Would a final ruling striking down Roe and Casey endanger LGBTQ rights to have sex and to marry? Possibly so, depending how the opinion is written. Alito’s opinion shows that the current conservative majority of the court generally will not hesitate to overrule prior decisions that it considers to have been wrong in the first place. To bolster his analysis of the “precedent and stare decisis” part of the opinion, Alito produces a long footnote listing cases overruling earlier cases, among them Lawrence v. Texas (overruling Bowers v. Hardwick) and Obergefell v. Hodges (overruling Baker v. Nelson). And, of course, he includes one of the most famous and controversial overrulings: Brown v. Board of Education, which overruled Plessy v. Ferguson and its 19th century “separate but equal” doctrine used to justify official racial segregation. Perhaps the inclusion of Lawrence and Obergefell in this list was intended to signal Alito’s view that those were justified overrulings, another possibly reassuring sign. Only time will tell.

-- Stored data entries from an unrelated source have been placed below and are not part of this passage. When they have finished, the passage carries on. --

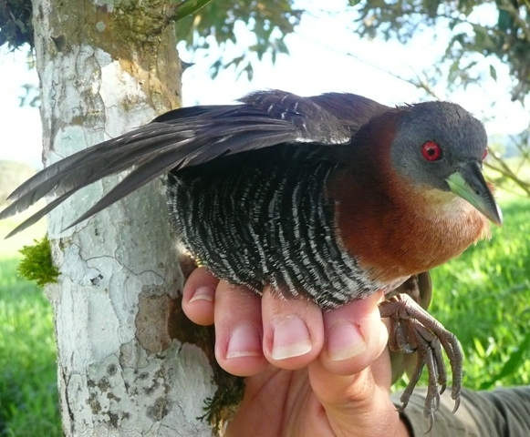 The White-throated crake (Laterallus albigularis) is surely one of the most frequently heard of the Costa Rican crakes and rails, but like most of the its coreligionaries it rarely allows itself to be seen. I certainly had never caught more than the merest glimpse of one before last week (Jan. 19), so imagine my surprise when one was caught in the nets of CATIE’s bird banding programme. The second surprise was the sheer beauty of the bird with its rufous breast, black-striped belly, green bill and red eye.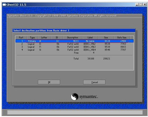 f.选择本机硬盘的系统盘分区(先把系统盘里的资料备份出来[为C:\Documents and Settings\Administrator(或其他用户)\桌面),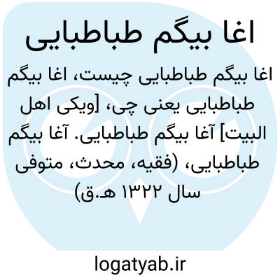 [ویکی اهل البیت] آغا بیگم طباطبایی. آغا بیگم طباطبایی، (فقیه، محدث، متوفی سال 1322 هـ.ق) مادر آیت الله بروجردی، از زنان فقیه، محدث، سخنور، عابد و زاهد. مقدمات علوم اسلامی و ادبیات عرب را از علمای آن زمان فراگرفت سپس نزد مردان دانشمند خانواده اش فقه آموخت. زمانی که به سن رشد رسید به ازدواج سید علی طباطبایی بروجردی درآمد و از او پسری به نام سید حسین (آیت الله بروجردی، مرجع تقلید) به دنیا تقدیم شد. خانواده آغا بیگم از خاندان های بزرگ علم و فضیلت در بروجرد بود. از میان آن ها مردان و زنان بزرگی برخاستند.آن مرحومه به سال 1323 هـ.ق در بروجرد درگذشت و بر حسب وصیت، پیکرش را در وادی السلام نجف اشرف به خاک سپردند. معاونت پژوهش مرکز حوزه های علمیه خواهران, بانوان عالمه و آثار آن ها

Meanwhile, much can happen between now and the final release of an opinion in the Dobbs case. Perhaps Chief Justice Roberts can convince one or more of the conservative justices to join with him to limit the scope of the opinion so as to modify rather than overrule the existing precedents. Alito points out that the Mississippi legislature presented a detailed pregnancy scenario to support its contention that the state’s interest in protecting potential life should be marked from the 15th week rather than the 23rd week of pregnancy, which could support upholding the law while preserving a fundamental right to terminate a pregnancy prior to the 15th week, which is the line drawn by several other western democracies. The danger to LGBTQ rights precedents is greatest if the court repudiates substantive due process entirely, which even Alito does not propose to do in this draft. Once again, only time will tell.